In April 2015, after a trial that lasted six days, Monica was sentenced to two consecutive 25-year sentences, for a total of 50 years to serve in prison for her crimes.

==Background==
Monica was born in California in 1948. After serving in the United States Navy during the Vietnam War Monica began an engineering career and, in 1991, purchased a 20-acre farm in rural Wimer, Oregon. She ran the business White Queen Construction.

Monica employed 59-year-old Stephen Delecino as a handyman on the farm. Delecino disappeared some time in 2012 under mysterious circumstances. Robert Haney, a 56-year-old handyman, then disappeared in September 2013.

==Investigation==
Authorities arrived at Monica's residence on January 10, 2014, after it was discovered she had been using Haney's food stamps card, and confronted her with fraud charges. Upon searching her residence, they discovered evidence of human remains, which prompted a full search of the property.

Portions of remains from a total of two individuals were discovered; the first belonged to 56-year-old Robert Haney, Monica's handyman, who had gone missing in September 2013. The second individual initially was unidentified, but was later determined to be Delecino, a former employee of Monica's who had gone missing in 2012. The state of Monica's property was squalid, with significant piles of garbage, animal bones, and no running water or sewage system.

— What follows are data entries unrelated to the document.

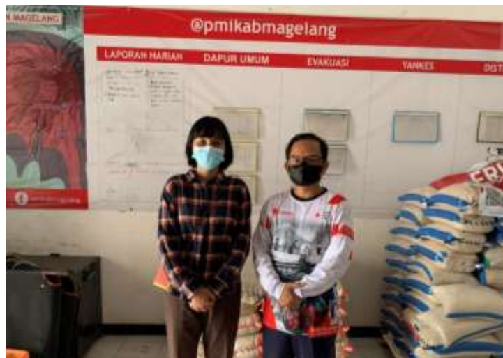
Wawancara dengan Kepala PMI Kabupaten Magelang
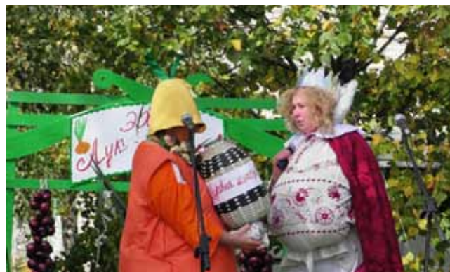
Народный праздник «Луков день»
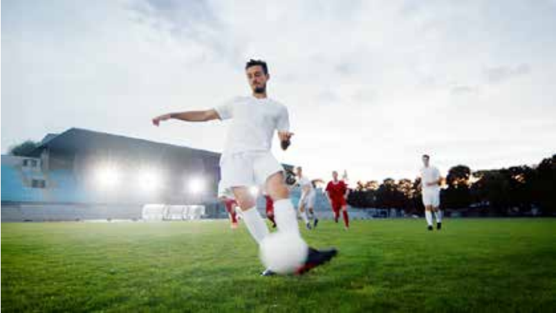
○ من منافسات كرة القدم.

أدلة علمية ترفع من معايير السلامة وتضمن حماية الرياضيين. وأوضح رئيس جامعة كاوست
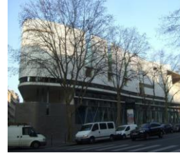
Illustration de l'innovation architecturale →

Les Journées du patrimoine ont entraîné, pour la 3 ème année consécutive, l'ouverture des portes du Lycée le samedi 15 septembre. Les visiteurs, dont, fort heureusement, quelques anciens élèves, ont pu ainsi admirer l'exposition permanente de la Cour d'Honneur sur «Carnot, lieu d'innovation et de création».

Investigators spent three weeks searching Monica's 20 acre farm near Rogue River, digging over 50 holes in the land searching for additional evidence and other potential victims. No additional remains were uncovered in their search. The pigs Monica kept on the farm were subsequently euthanized, and a former resident claimed he had witnessed Monica feed deceased house pets and livestock to the pigs on different occasions.

Upon interviewing Monica, detectives found she gave varying explanations as to how both men died, claiming both that Delecino had shot himself repeatedly in the head in 2012, and that she had also shot him in self-defense, after which her pigs began to eat portions of his body. Monica claimed to have buried the remnants of his corpse after finding the pigs consuming him.

In regard to Haney, Monica claimed he had disappeared from the farm in the summer of 2013. She stated she later came upon him as her pigs were disemboweling him, and that she shot him to death to ease his suffering. Monica subsequently expressed uncertainty over whether Haney was dead when she shot him. Some of Haney's remains were found in plastic bags in Monica's barn.

During her video-taped interrogation, which was later used in the trial, Monica stated: "I do not value human life very much. The only thing wrong with this planet is there's people on it. If it weren't for us, all the other animals, dodo birds and whatever else, would still be here".

==Trial and conviction==
Monica pleaded not guilty to two counts of murder, abuse of a corpse, and identity theft. Monica, despite having representation, chose to cross-examine Eric Henderson, the case's lead investigator. During the trial, an Oregon State Police anthropologist testified that Haney's legs had been dismembered with an axe, and that his thigh bones showed signs of "being gnawed on by an animal". The anthropologist stated it was unclear whether Haney had been dead prior to dismemberment of his legs. It was also stated by the anthropologist that Delecino had suffered three to four gunshot wounds to the head. Another witness who had been in jail with Monica testified that she had received a birthday card from her signed "from the sweetest murderer in Jackson County".

On April 21, 2015, Monica was convicted on all counts after six days of testimony and only one hour of jury deliberations. She is currently serving 50 years in prison.